We agree with the no-merit analysis that the sentencing court properly exercised its discretion.  The court considered the seriousness of the offense and Buechel’s personal circumstances, including his prior record and conduct while on probation.  It determined that a period of incarceration and supervision was necessary to protect the public and not unduly depreciate the severity of the offense.  This demonstrates consideration of appropriate factors and sentencing objectives.  See State v. Gallion, 2004 WI 42, ¶¶40, 41, 270 Wis. 2d 535, 678 N.W.2d 197.  The sentence is well within the maximum and cannot be deemed excessive.  See State v. Daniels, 117 Wis. 2d 9, 22, 343 N.W.2d 411 (Ct. App. 1983).

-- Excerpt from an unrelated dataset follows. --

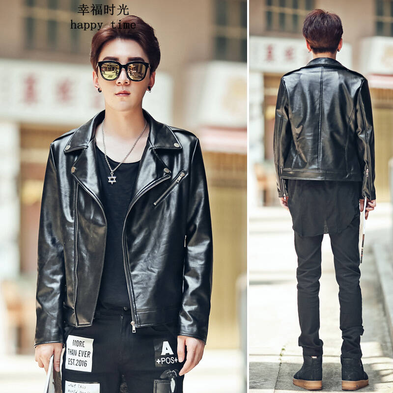 幸福时光皮衣男修身韩版短款PU皮夹克机车服翻领外套青年休闲修身机车皮衣翻领PU皮夹克男装 黑色 M

We note that it is probable that the sentencing court did not read the transcript of the original sentencing hearing.[3]  See State v. Reynolds, 2002 WI App 15, ¶9, 249 Wis. 2d 798, 643 N.W.2d 165 (2001) (when the sentencing after revocation judge differs from the original sentencing judge, it is important for the second sentencing judge to be aware of the comments made at the original sentencing).  Reynolds does not establish a bright-line rule that the original sentencing must be considered.  State v. Walker, 2008 WI 34, ¶26, 308 Wis. 2d 666, 747 N.W.2d 673.  This is not a case like Reynolds where the assessment of the severity of the crime was based on the original sentencing judge’s view of the evidence presented at trial.  See id., 249 Wis. 2d 798, ¶14.  Here the sentencing after revocation judge acknowledged that the original sentencing court attempted to address Buechel’s rehabilitative needs through probation.  Both sentencing judges had a compatible view of the seriousness of the offense and Buechel’s prior record.  Moreover, this is a case where the probation conduct cast Buechel in a different light and reliance on the original sentencing remarks was not necessary.  See id., ¶13.  There is no arguable merit to a claim that the sentencing court erroneously exercised its discretion by not reviewing the remarks of the original sentencing judge.

No arguable issues exist for appeal.  Accordingly we accept the no-merit report, affirm the judgment imposing sentencing after revocation, and discharge Attorney Randall Paulson from further representing Buechel in this matter.


Upon the foregoing reasons,

IT IS ORDERED that the judgment of the circuit court is affirmed.  See Wis. Stat. Rule 809.21.

IT IS FURTHER ORDERED that Attorney Randall E. Paulson is relieved from further representing Robert J. Buechel in this matter.  See Wis. Stat. Rule 809.32(3).


 

Diane M. Fremgen

Clerk of Court of Appeals

 



[1]  All references to the Wisconsin Statutes are to the 2011-12 version unless otherwise noted.

[2]  An appeal from sentencing after revocation is limited to issues raised by the events of the resentencing hearing and the judgment entered as a result of that sentencing hearing.  State v. Scaccio, 2000 WI App 265, ¶10, 240 Wis. 2d 95, 622 N.W.2d 449.  An appeal taken from sentencing after revocation does not bring the original judgment of conviction before this court.  Id. 

[3]  Judge William Carver presided at the original sentencing and Judge Barbara H. Key sentenced Buechel after the revocation of probation.  The transcript of the original sentencing hearing was not prepared and filed until June 14, 2012, months after the April 16, 2012 sentencing after revocation hearing.  Because there is no merit to the related claim, it is not necessary to resolve whether in fact the second sentencing judge read the transcript.